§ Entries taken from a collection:
________________________________________

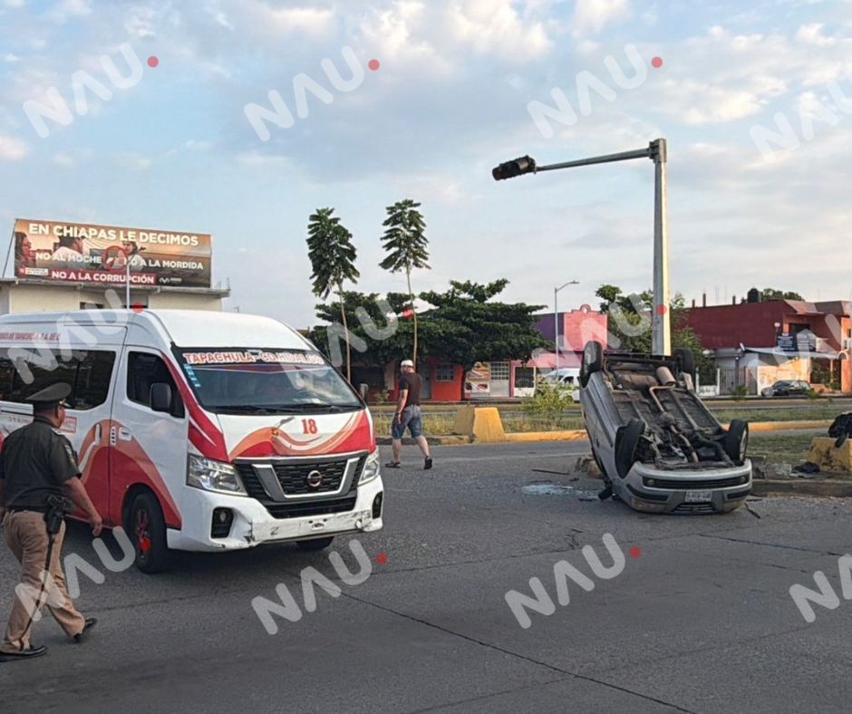 El percance se registró alrededor de las 06:30 horas, en un cruce regulado por semáforo. De acuerdo con la información obtenida, un automóvil compacto tipo Atos, de color gris, circulaba de poniente a oriente sobre la calle Lirios, mientras que una combi del servicio colectivo de la empresa Ómnibus de Tapachula, con número económico 18 y ruta Ciudad Hidalgo–Tapachula, transitaba de sur a norte sobre el Par Vial.
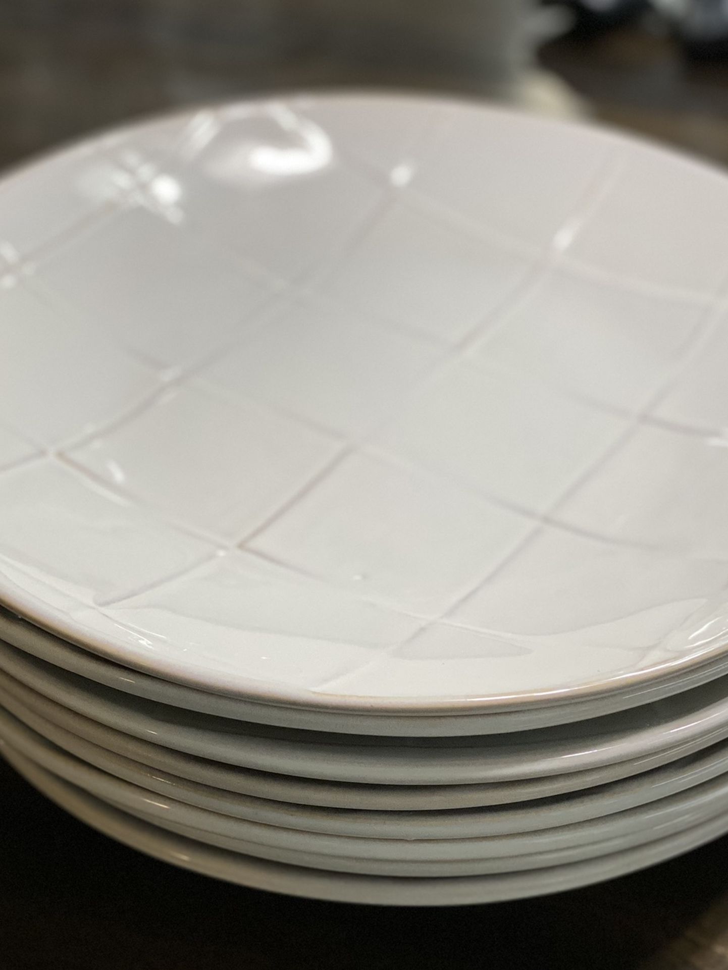Dining Plates PIER 1 Set Of 8. White With Pattern
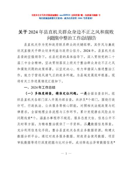 / 关于2024年县直机关群众身边不正之风和腐败问题集中整治工作总结报告
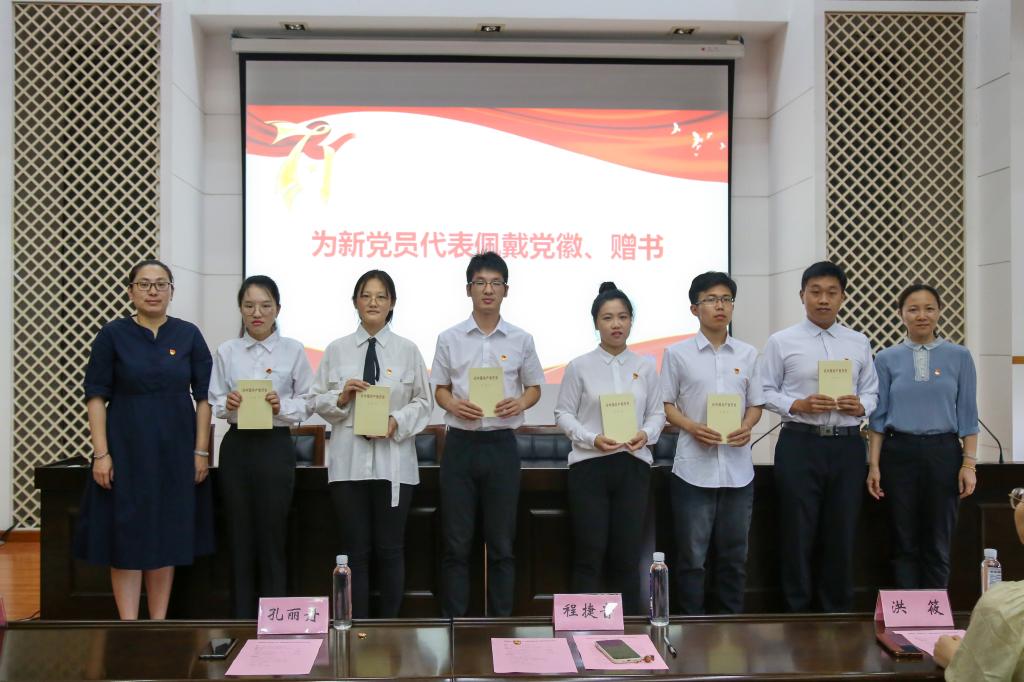 在D328会议室举行“七一”新党员宣誓仪式暨专题党课学习。学院党委书记程捷音、副书记兼副院长孔丽丹、分团委书记洪筱、辅导员代表李灿以及44名新发展学生党员参加活动。大会由学院专职组织员孙小芳主持。
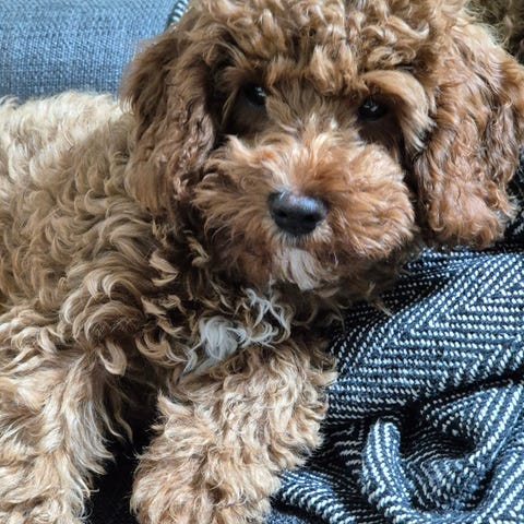 Far toy puddel 5 kg er Cavapoo (75 % puddel / 25 % Cavalier King Charles Spaniel).
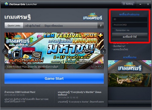 ข่าวดี!! สำหรับผู้ที่อยากเล่น เกมเศรษฐี Everybody’s Marble วันนี้…สามารถสมัครเล่นเกมเศรษฐีได้ทันที ไม่ต้องยืนยันอีเมล์ (Email Activation) ด้วยการใช้ Facebook ID ได้แล้วจ้า แค่เพียงมหาชนชาวเกมเศรษฐีมี ID ที่ Login ผ่าน Facebook ท่านก็สามารถนำมาลงทะเบียนเป็น Netmarble Id ได้ง่ายๆ โดยทำตามขั้นตอนดังนี้
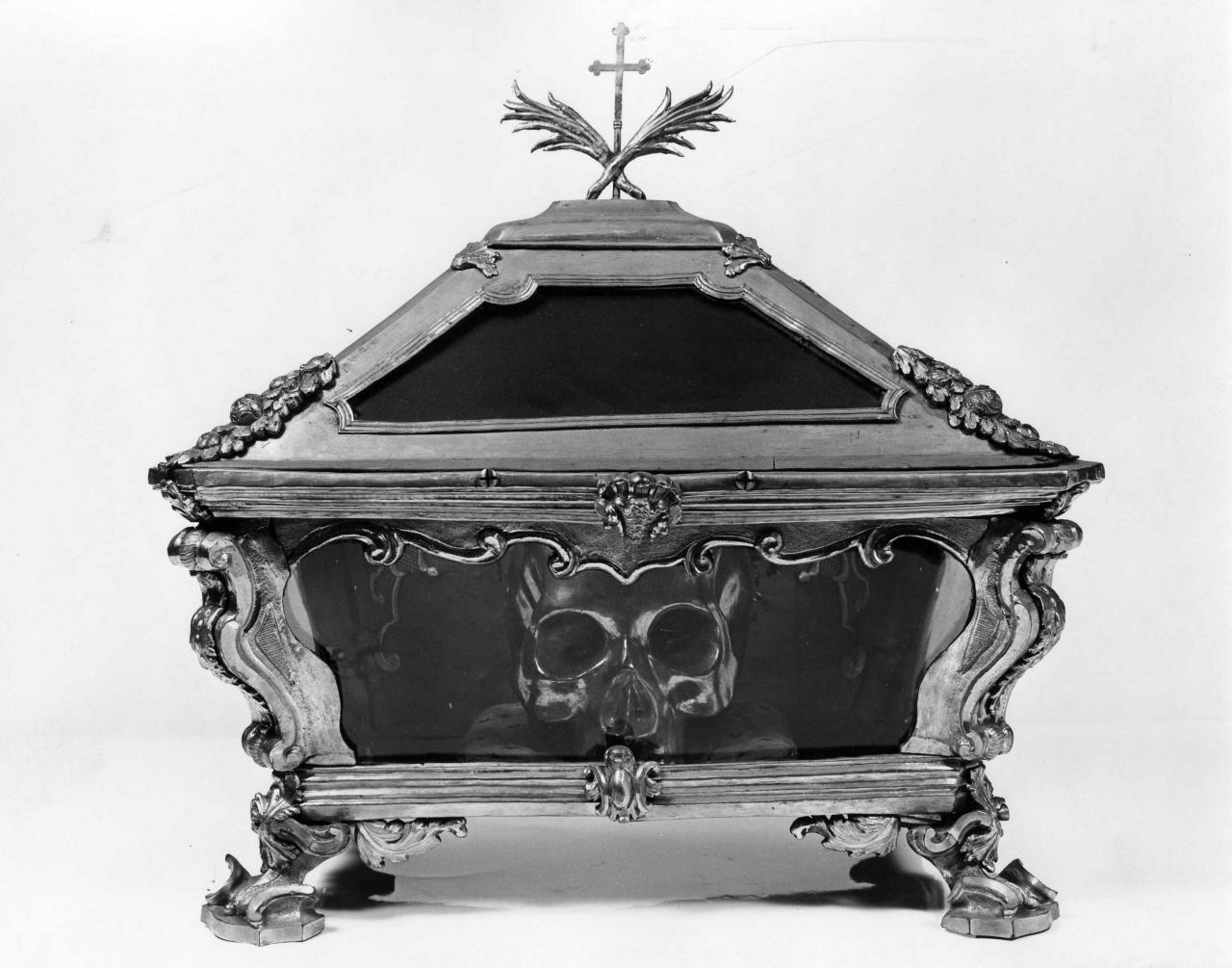 L'interno della cassa, completamente a giorno, contiene un teschio metallico.. Parti anatomiche: teschio
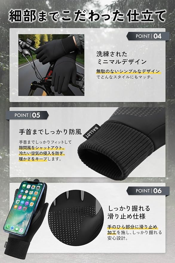 【シンプルなデザイン】装飾を抑えたミニマルなデザインで、性別やスタイルを問わず使いやすい万能タイプ。日常使いからアウトドアまで幅広く馴染みます。さらに、手のひらと指先には滑り止め加工を施しており、グリップ力が向上。自転車のハンドルを握るときや荷物を持つシーンでもしっかりと安定し、滑りにくい安定感を提供します。
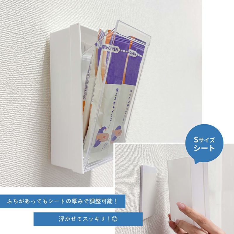 ※取り付ける収納用品は両面テープ(粘着部分)に貼り付ける面が、アクリル、プラスチック製品などの表面が平滑なものに限ります。表面にシボ 加工や凹凸があるもの、紙製品、布製品は不向きです。また、木製品は取り外しの際に表層をはがす恐れがありますのでおすすめできません。
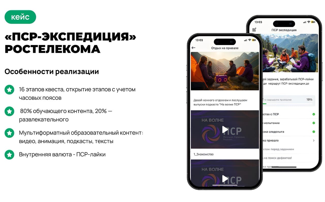 Так, в Ростелеком запустили ПСР-экспедицию, — онлайн-программу по принципам производственной системы компании. В течение пяти дней участники проходили интерактивные этапы: видео, подкасты, задания и рейтинги. За активность начислялась внутренняя валюта.
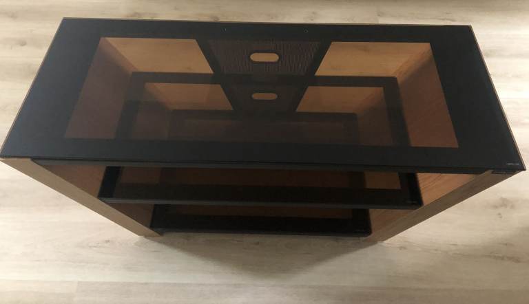 Ateca Vision Bordeaux BOR126WA LED, LCD, Plasma TV Wide Stand in a Dark Oak Finish with 3 Shelves Smoked Tempered Glass. Pre-Owned In IMMACULTE like new condition (No scratches, No sign or damage). Solid Wood and Glass TV Stand. Glasses are
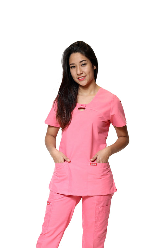Bata Médica CORTA de Dama KA-35R CON TECNOLOGÍA REPELENCIA -Clásica Bata Karen Medical Fashion
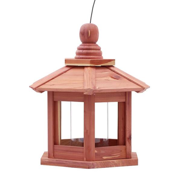 12 in. Red Cedar Wood Hexagonal Pavilion Bird Feeder
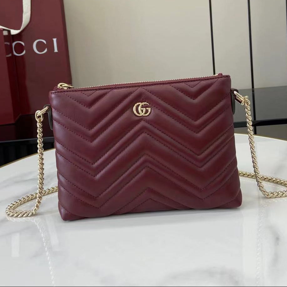Gucci 25 Marmont Pochette With Chain Rosso Ancora Red Cowhide 294894
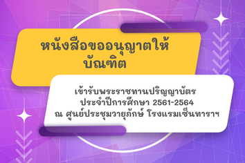 ข่าวการศึกษา หนังสือขออนุญาตให้บัณฑิต เข้ารับพระราชทานปริญญาบัตร ประจำปีการศึกษา 2561-2564 ณ ศูนย์ประชุมวายุภักษ์ โรงแรมเซ็นทาราฯ อ่านต่อ » พฤษภาคม 23, 2023
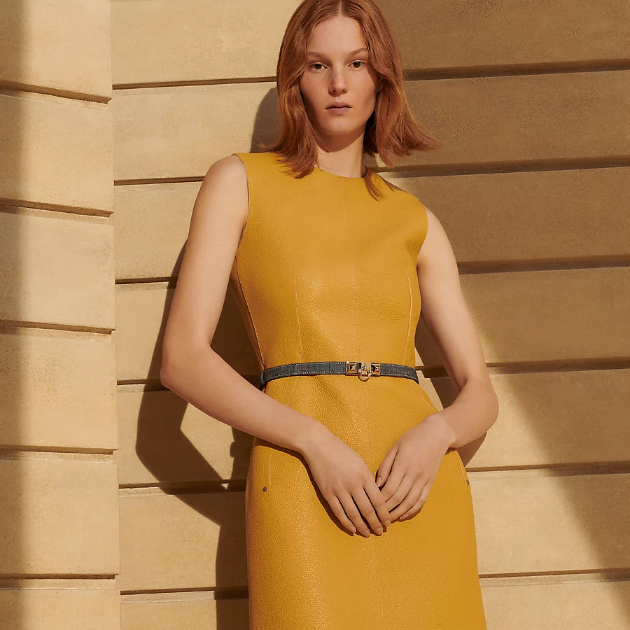 The Rivale buckle incorporates the iconic attributes of the legendary Collier de Chien with two Médor studs and a central ring. Thanks to a clever slide system, this adjustable belt can be worn at the waist or on the hips.

________________________________________

§ TO DO:
Could you give all the records again, exactly, minus the pictures?

§ SOLUTION TO THIS TASK:
 El percance se registró alrededor de las 06:30 horas, en un cruce regulado por semáforo. De acuerdo con la información obtenida, un automóvil compacto tipo Atos, de color gris, circulaba de poniente a oriente sobre la calle Lirios, mientras que una combi del servicio colectivo de la empresa Ómnibus de Tapachula, con número económico 18 y ruta Ciudad Hidalgo–Tapachula, transitaba de sur a norte sobre el Par Vial.
Dining Plates PIER 1 Set Of 8. White With Pattern
 / 关于2024年县直机关群众身边不正之风和腐败问题集中整治工作总结报告
 在D328会议室举行“七一”新党员宣誓仪式暨专题党课学习。学院党委书记程捷音、副书记兼副院长孔丽丹、分团委书记洪筱、辅导员代表李灿以及44名新发展学生党员参加活动。大会由学院专职组织员孙小芳主持。
 Far toy puddel 5 kg er Cavapoo (75 % puddel / 25 % Cavalier King Charles Spaniel).
 ข่าวดี!! สำหรับผู้ที่อยากเล่น เกมเศรษฐี Everybody’s Marble วันนี้…สามารถสมัครเล่นเกมเศรษฐีได้ทันที ไม่ต้องยืนยันอีเมล์ (Email Activation) ด้วยการใช้ Facebook ID ได้แล้วจ้า แค่เพียงมหาชนชาวเกมเศรษฐีมี ID ที่ Login ผ่าน Facebook ท่านก็สามารถนำมาลงทะเบียนเป็น Netmarble Id ได้ง่ายๆ โดยทำตามขั้นตอนดังนี้
 L'interno della cassa, completamente a giorno, contiene un teschio metallico.. Parti anatomiche: teschio
 【シンプルなデザイン】装飾を抑えたミニマルなデザインで、性別やスタイルを問わず使いやすい万能タイプ。日常使いからアウトドアまで幅広く馴染みます。さらに、手のひらと指先には滑り止め加工を施しており、グリップ力が向上。自転車のハンドルを握るときや荷物を持つシーンでもしっかりと安定し、滑りにくい安定感を提供します。
 ※取り付ける収納用品は両面テープ(粘着部分)に貼り付ける面が、アクリル、プラスチック製品などの表面が平滑なものに限ります。表面にシボ 加工や凹凸があるもの、紙製品、布製品は不向きです。また、木製品は取り外しの際に表層をはがす恐れがありますのでおすすめできません。
 Так, в Ростелеком запустили ПСР-экспедицию, — онлайн-программу по принципам производственной системы компании. В течение пяти дней участники проходили интерактивные этапы: видео, подкасты, задания и рейтинги. За активность начислялась внутренняя валюта.
 Ateca Vision Bordeaux BOR126WA LED, LCD, Plasma TV Wide Stand in a Dark Oak Finish with 3 Shelves Smoked Tempered Glass. Pre-Owned In IMMACULTE like new condition (No scratches, No sign or damage). Solid Wood and Glass TV Stand. Glasses are
Bata Médica CORTA de Dama KA-35R CON TECNOLOGÍA REPELENCIA -Clásica Bata Karen Medical Fashion
 12 in. Red Cedar Wood Hexagonal Pavilion Bird Feeder
Gucci 25 Marmont Pochette With Chain Rosso Ancora Red Cowhide 294894
 ข่าวการศึกษา หนังสือขออนุญาตให้บัณฑิต เข้ารับพระราชทานปริญญาบัตร ประจำปีการศึกษา 2561-2564 ณ ศูนย์ประชุมวายุภักษ์ โรงแรมเซ็นทาราฯ อ่านต่อ » พฤษภาคม 23, 2023
 The Rivale buckle incorporates the iconic attributes of the legendary Collier de Chien with two Médor studs and a central ring. Thanks to a clever slide system, this adjustable belt can be worn at the waist or on the hips.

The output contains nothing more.